Presidiu a Casa na época de instalação da CPI voltada a apurar denúncias contra Paulo César Farias, tesoureiro da campanha de Collor. Rebateu crítica do presidente, que havia classificado a oposição a seu governo como “sindicato do golpe”. Votou a favor do afastamento do chefe do Executivo.

Humberto Lucena (PB) MDB 
1993-1995

Em seu segundo mandato, travou disputa com a Câmara pela direção dos trabalhos de revisão da Constituição. Na época, em entrevista à Folha, disse que “não [ficava] bem para a opinião pública uma disputa dessa natureza (...), porque [dava] a impressão de um conflito de natureza institucional”. As duas Casas acabaram chegando a um acordo, e a presidência da comissão ficou com o Senado.

José Sarney (MA) MDB 
1995-1997

A segunda passagem de Sarney no comando da Casa foi marcada por atritos com o Executivo, principalmente em torno de medidas provisórias. Para o grupo do senador, o governo FHC vinha abusando do instrumento e desacelerou a tramitação dessas iniciativas.

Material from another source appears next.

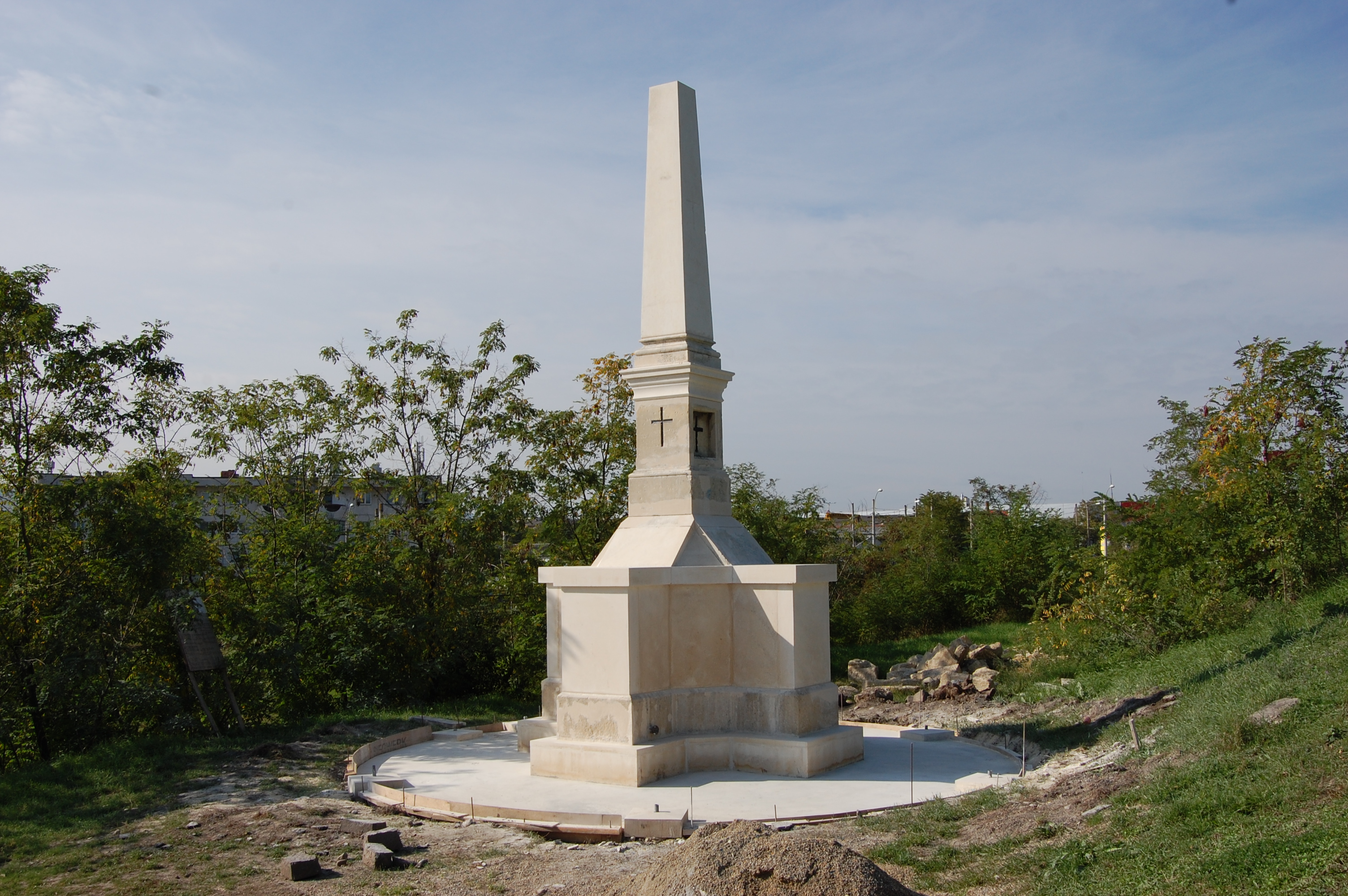 Monument for the Hungarian revolutionary heros TAMÁS András and SÁNDOR László executed in 1849 by Austrian authority
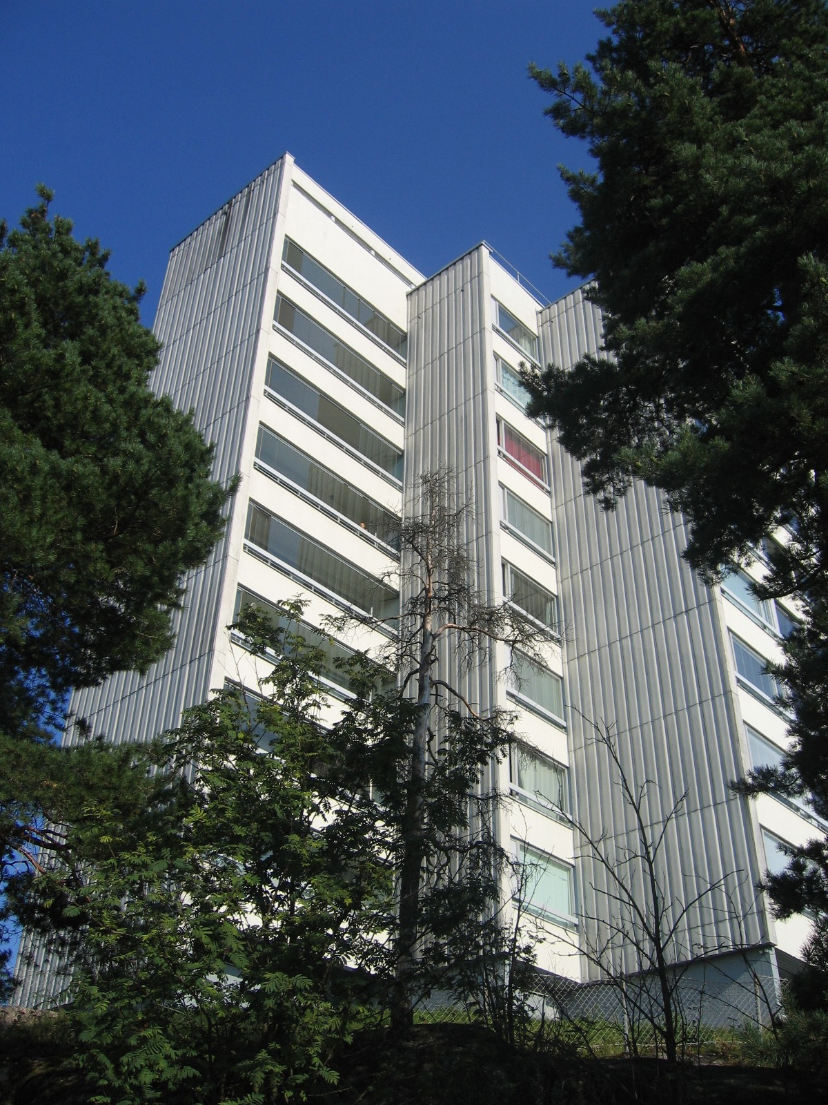 Pihlajamäki suburb in Helsinki, Finland.

Antônio Carlos Magalhães (BA) PFL (atual DEM) 
1997-1999/1999-2001

Ao tomar posse, declarou que iria cooperar o máximo com o governo, “mas isso não significa que o Executivo vai fazer o que quiser aqui dentro”. Sua promessa era acelerar as reformas constitucionais, incluindo a emenda que permitiria a reeleição —a medida acabou passando. Também levou a votação medidas de ajuste econômico que interessavam ao governo. Na sua gestão, os senadores aprovaram a lei que criou o contrato temporário de trabalho, por exemplo. Mas também usou o poder de pautar projetos para retardar a votação de medidas provisórias e acelerar a derrubada de vetos do Planalto.

Jader Barbalho (PA) MDB 
2001-2001

O maior atrito do emedebista durante seu mandato foi com outro senador, Antônio Carlos Magalhães. ACM se recusou a cumprimentar Barbalho na transmissão do cargo. Os desentendimentos começaram ainda em 1999, na gestão do parlamentar baiano. Na época, a discussão girava em torno da criação de CPIs. ACM era a favor de criar uma para investigar o Judiciário. Já Barbalho era a favor da instalação de uma comissão com foco nos bancos.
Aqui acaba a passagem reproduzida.